There is significant public health concern about potential effects of occupational exposures on reproductive outcomes. Examples of substances with reported reproductive or developmental effects still in regular commercial use include heavy metals (such as lead), solvents, and pesticides. A recent example includes an evaluation of workplace exposure from a microelectronics and business machines manufacturing facility which suggests an association between paternal exposure to metals (primarily lead) and increased ventricular septal defect risk in infants.¹¹ Estimates of adverse reproductive outcomes demonstrate widespread impact—for example, it is estimated that 10% to 20% of recognized pregnancies end in spontaneous abortion, and that 3% of all live births have major malformations.¹² Others have estimated that 3% of major malformations are due to toxicant exposure, 23% are due to multifactorial causes, and 40% are due to unknown causes.^13-15 Despite the public health concern and the widespread impact, progress has been limited in identifying occupational reproductive hazards and in separating the contributions of potential occupational hazards from other etiologic factors.

Need

There is significant public health concern about the potential effects of occupational exposure to toxic substances on reproductive outcomes. Several toxicants with reported reproductive and developmental effects are still in regular commercial or therapeutic use and thus present potential exposure to workers. Examples of these include heavy metals, organic solvents, pesticides and herbicides, and sterilants, anesthetic gases, and anticancer drugs used in health care. Many other substances are suspected of producing reproductive or developmental toxicity but lack sufficient data. Progress has been limited in identifying hazards and quantifying their potencies and in separating the contribution of these hazards from other etiologic factors. The pace of laboratory studies to identify hazards and to underpin the biologic plausibility of effects in humans has not matched the pace at which new chemicals are introduced into commerce. Though many research challenges exist today, recent technologic and methodologic advances have been made that allow researchers to overcome some of these obstacles. One of the goals of the NIOSH CRC program, in collaboration with many partners, is to take advantage of recent technologic and methodologic advances in reproductive health research to improve health and reduce adverse reproductive health outcomes.

Impact

Identifying the causative agents, mechanisms by which they act, and any potential target populations will present the opportunity to intervene and better protect the reproductive health of workers.
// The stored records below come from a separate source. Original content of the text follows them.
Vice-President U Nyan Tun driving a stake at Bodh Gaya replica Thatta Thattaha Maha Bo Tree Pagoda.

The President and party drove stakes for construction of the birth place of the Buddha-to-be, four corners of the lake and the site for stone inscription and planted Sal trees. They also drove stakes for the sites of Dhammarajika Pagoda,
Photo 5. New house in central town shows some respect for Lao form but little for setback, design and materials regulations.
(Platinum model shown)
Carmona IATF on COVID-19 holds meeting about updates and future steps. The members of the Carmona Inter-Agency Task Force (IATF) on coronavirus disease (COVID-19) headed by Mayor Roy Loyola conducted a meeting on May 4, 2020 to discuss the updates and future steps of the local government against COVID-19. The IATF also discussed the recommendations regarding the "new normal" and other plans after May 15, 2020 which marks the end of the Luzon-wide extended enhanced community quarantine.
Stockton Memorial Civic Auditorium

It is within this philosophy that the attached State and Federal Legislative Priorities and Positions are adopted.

¹¹ Silver SR [2016]. Birth defects in infants born to employees of a microelectronics and business machine

manufacturing facility. Birth Defects Research (Part A). [published online ahead of print 25 May 2016]. doi:10.1002/bdra.23520.

¹² An occupational reproductive research agenda for the third millennium. Env Health Perspectives 2003; ¹¹1(4):584-592.
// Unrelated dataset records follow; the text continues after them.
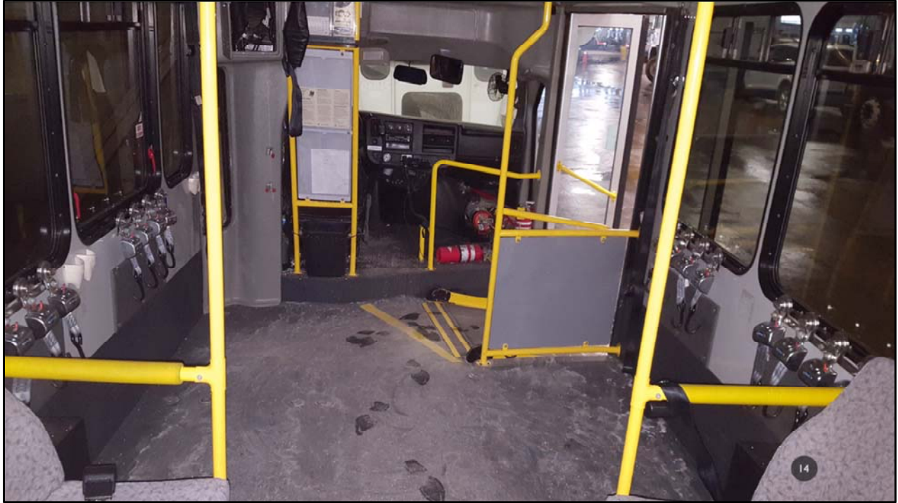
Inside the ARBOC bus standing at the back looking forward. Note the space for wheelchairs and the greater width of the floor space relative to the Promaster.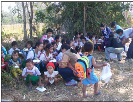
Karen State Cross-border assistance given to three communities in Karen State, Burma by Burmese Migrant Workers Education Committee (BMWEC) 2011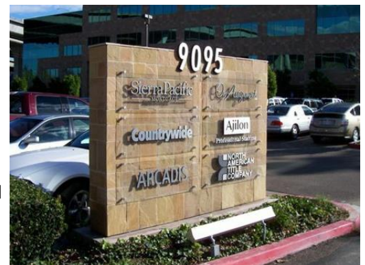
Figure 6: Sign is consistent with site architecture and provides information on the multiple tenants in the site area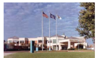
Shreveport, LA ●● 318-222-5704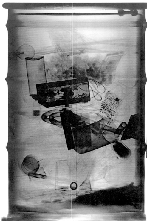
FIGURE 3.1 X-ray examination of a waste drum allows operators to determine if it contains prohibited items that must be removed before shipping the waste to a disposal site. Such visual inspection of a drum, at various positions and angles, may take several hours.

some additional characterization will be required to validate the process knowledge (St. Michel and Lott, 2002).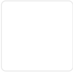
Diecast Aluminium Legs - Polished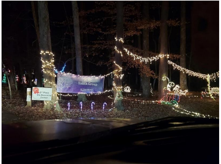
Jones Chapel Light Display at Bear Creek Lake

SHARON: Rose of Sharon WMU continues providing meals, cards, phone calls, and visits to those who are sick or homebound. The congregation contributed $161.11 to Christ in Christmas and $162.11 to GraceInside, provided gifts of toiletry items for residents of Heritage Hall, and assisted a family of seven who lost everything in a house fire.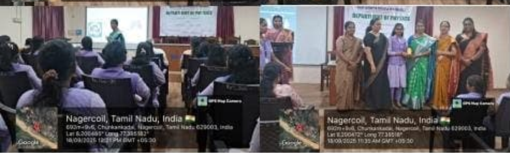
Nagercoil, Tamil Nadu, India 692m+9v6, Chunkankadai, Nagercoil, Tamil Nadu 629003, India Lat: 8.200489° Long: 77.385181° 18/09/2025 10:21 PM GMT +05:30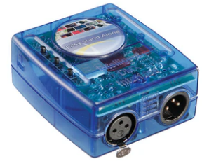
DMX controller; stand-alone/pc interface. F990B11A000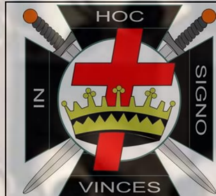
Olivet Commandery No. 4 Knights Templar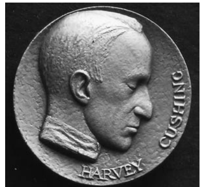
Medal presented to all participants as a souvenir of the Second International Congress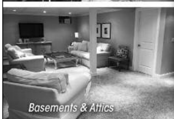
Basements & Attics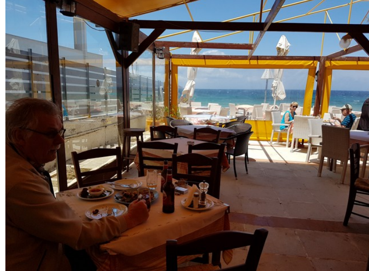
Here I'm lunching at Sirocco's Restaurant, which is ranked number 5 of 14 restaurants of <u>TripAdvisor</u>. All right food.

13 Impact of the detection and prevention of developmental abnormalities in human studies. Reprod Toxicol 1997; 11:267-269.

¹⁴ Introduction to the symposium. Reprod Toxicol 1997; 11:261-263.

¹⁵ Frequency of human congenital malformations. Clin Perinatol 1986; 13(3):545-554.

Other examples of peer-reviewed literature that may be sources of information on which to guide future work of the CRC include the following:

Prioritization of NTP reproductive toxicants for field studies
Reprod Toxicol 2000; 14(4):293-301.
This article describes a systematic method for prioritizing chemicals that may need human reproductive health field studies.

Priorities for development of research methods in occupational cancer
Env Health Perspectives 2003; 111(1):1-12.
This article identifies needs and gaps in occupational cancer research methods in four broad areas: identification of occupational carcinogens, design of epidemiologic studies, risk assessment, and primary and secondary intervention.